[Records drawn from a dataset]

● ● ● ● ● ● ●

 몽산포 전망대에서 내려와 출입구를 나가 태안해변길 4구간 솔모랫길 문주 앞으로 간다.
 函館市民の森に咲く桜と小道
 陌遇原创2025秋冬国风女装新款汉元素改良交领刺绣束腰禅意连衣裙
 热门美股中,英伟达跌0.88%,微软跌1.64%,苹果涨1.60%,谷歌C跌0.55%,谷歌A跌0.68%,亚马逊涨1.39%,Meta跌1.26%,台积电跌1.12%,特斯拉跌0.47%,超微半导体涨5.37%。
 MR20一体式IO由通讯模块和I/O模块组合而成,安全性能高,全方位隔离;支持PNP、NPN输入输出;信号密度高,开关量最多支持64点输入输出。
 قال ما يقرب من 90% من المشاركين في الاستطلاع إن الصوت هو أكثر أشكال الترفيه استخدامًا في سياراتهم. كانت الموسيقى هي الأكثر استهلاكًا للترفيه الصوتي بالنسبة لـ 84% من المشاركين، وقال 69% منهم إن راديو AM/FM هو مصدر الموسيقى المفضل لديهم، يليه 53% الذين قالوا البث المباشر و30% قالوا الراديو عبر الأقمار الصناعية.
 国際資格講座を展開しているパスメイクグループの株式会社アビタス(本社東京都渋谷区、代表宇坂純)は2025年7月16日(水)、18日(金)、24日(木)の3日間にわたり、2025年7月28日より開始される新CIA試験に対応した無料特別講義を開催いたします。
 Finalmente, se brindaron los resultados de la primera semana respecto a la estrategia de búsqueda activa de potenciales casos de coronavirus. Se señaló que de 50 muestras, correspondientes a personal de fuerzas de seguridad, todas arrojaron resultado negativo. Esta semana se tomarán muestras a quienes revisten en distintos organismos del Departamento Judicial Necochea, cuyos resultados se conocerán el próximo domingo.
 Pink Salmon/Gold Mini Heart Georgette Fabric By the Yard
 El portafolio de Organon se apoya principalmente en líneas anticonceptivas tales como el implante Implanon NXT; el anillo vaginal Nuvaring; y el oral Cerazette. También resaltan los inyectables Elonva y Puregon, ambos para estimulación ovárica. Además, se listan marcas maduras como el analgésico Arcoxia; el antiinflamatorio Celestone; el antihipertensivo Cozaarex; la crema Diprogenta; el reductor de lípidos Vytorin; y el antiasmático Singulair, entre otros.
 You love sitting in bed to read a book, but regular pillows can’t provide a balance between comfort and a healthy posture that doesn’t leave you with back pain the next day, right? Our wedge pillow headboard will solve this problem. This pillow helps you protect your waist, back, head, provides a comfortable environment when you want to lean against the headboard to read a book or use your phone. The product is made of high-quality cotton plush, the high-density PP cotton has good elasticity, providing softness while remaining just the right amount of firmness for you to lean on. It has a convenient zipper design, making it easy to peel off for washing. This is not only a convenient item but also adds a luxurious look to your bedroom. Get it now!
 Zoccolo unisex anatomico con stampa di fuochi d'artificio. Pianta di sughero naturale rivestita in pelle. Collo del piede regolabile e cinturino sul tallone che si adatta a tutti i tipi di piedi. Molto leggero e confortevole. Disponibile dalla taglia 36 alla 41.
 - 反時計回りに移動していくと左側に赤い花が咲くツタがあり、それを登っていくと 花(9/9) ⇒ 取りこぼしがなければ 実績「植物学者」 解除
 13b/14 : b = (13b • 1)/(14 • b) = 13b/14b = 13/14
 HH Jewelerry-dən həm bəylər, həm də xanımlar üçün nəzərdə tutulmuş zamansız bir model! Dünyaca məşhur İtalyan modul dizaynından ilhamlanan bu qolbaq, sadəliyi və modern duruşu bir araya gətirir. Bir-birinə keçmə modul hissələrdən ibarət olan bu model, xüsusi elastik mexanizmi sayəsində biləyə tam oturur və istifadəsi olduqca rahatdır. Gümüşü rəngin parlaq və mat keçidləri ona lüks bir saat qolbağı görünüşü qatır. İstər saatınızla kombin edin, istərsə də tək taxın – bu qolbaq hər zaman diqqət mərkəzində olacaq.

● ● ● ● ● ● ●

INSTRUCTIONS TO FOLLOW
Please copy, word for word, every line from the first line of the records through the line containing "قال ما يقرب", with both of those lines included and nothing else.

ANSWER TO THE EXERCISE
 몽산포 전망대에서 내려와 출입구를 나가 태안해변길 4구간 솔모랫길 문주 앞으로 간다.
 函館市民の森に咲く桜と小道
 陌遇原创2025秋冬国风女装新款汉元素改良交领刺绣束腰禅意连衣裙
 热门美股中,英伟达跌0.88%,微软跌1.64%,苹果涨1.60%,谷歌C跌0.55%,谷歌A跌0.68%,亚马逊涨1.39%,Meta跌1.26%,台积电跌1.12%,特斯拉跌0.47%,超微半导体涨5.37%。
 MR20一体式IO由通讯模块和I/O模块组合而成,安全性能高,全方位隔离;支持PNP、NPN输入输出;信号密度高,开关量最多支持64点输入输出。
 قال ما يقرب من 90% من المشاركين في الاستطلاع إن الصوت هو أكثر أشكال الترفيه استخدامًا في سياراتهم. كانت الموسيقى هي الأكثر استهلاكًا للترفيه الصوتي بالنسبة لـ 84% من المشاركين، وقال 69% منهم إن راديو AM/FM هو مصدر الموسيقى المفضل لديهم، يليه 53% الذين قالوا البث المباشر و30% قالوا الراديو عبر الأقمار الصناعية.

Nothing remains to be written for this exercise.